It’s customary to wish one another bon voyage on the eve of the summer break, yet it’s actually September that brings with it the calendar of engagements, events, and (why not) leisure activities that await us in the “school year” ahead.
At this point we can but wish one another the best of luck, or rather fortune, though in a narrow sense. Oh yes, because for our ancestors the meaning of this term was not wedged between the words money, wealth or chance. It was the winds that represented good fortune. Try going to Florence, specifically to the basilica of Santa Maria Novella, and looking up at the entablature on the right-hand side of the façade: this is where the merchant Giovanni Rucellai, a friend of the Medici family as well as a patron of the arts, had Leon Battista Alberti set his coat of arms.

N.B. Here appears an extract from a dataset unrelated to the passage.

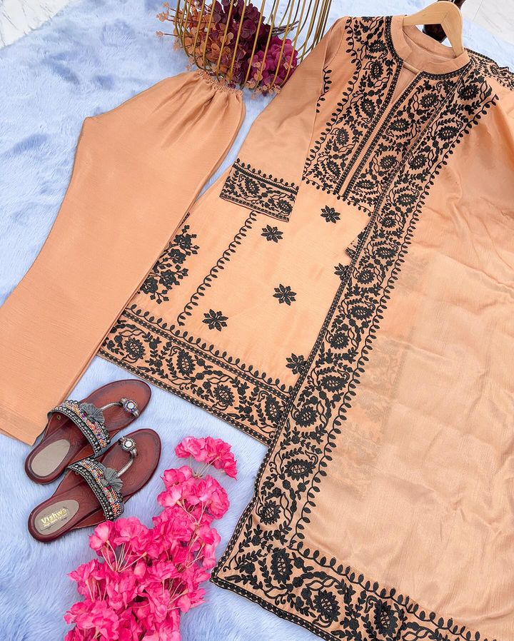 Launching New Designer Party Wear Look Chinon Silk Top Bottom & Dupatta Set

It features the billowing “Sails of Fortune”. How does one maintain the desired course when the winds are blowing against us? A sea merchant like Rucellai must have known a thing or two. Rather than the event itself, which may or may not be in our favour, it’s always our response that sets the pace. “Prudence, patience and magnanimity” was the recipe for having the wind in one’s sails and, hence, for smooth sailing.
So let’s set sail today, ideally armed with a fountain pen, the white sails being the blank sheets of paper on which we’ll write the stories of the year now in the offing. May the wind always be at our backs!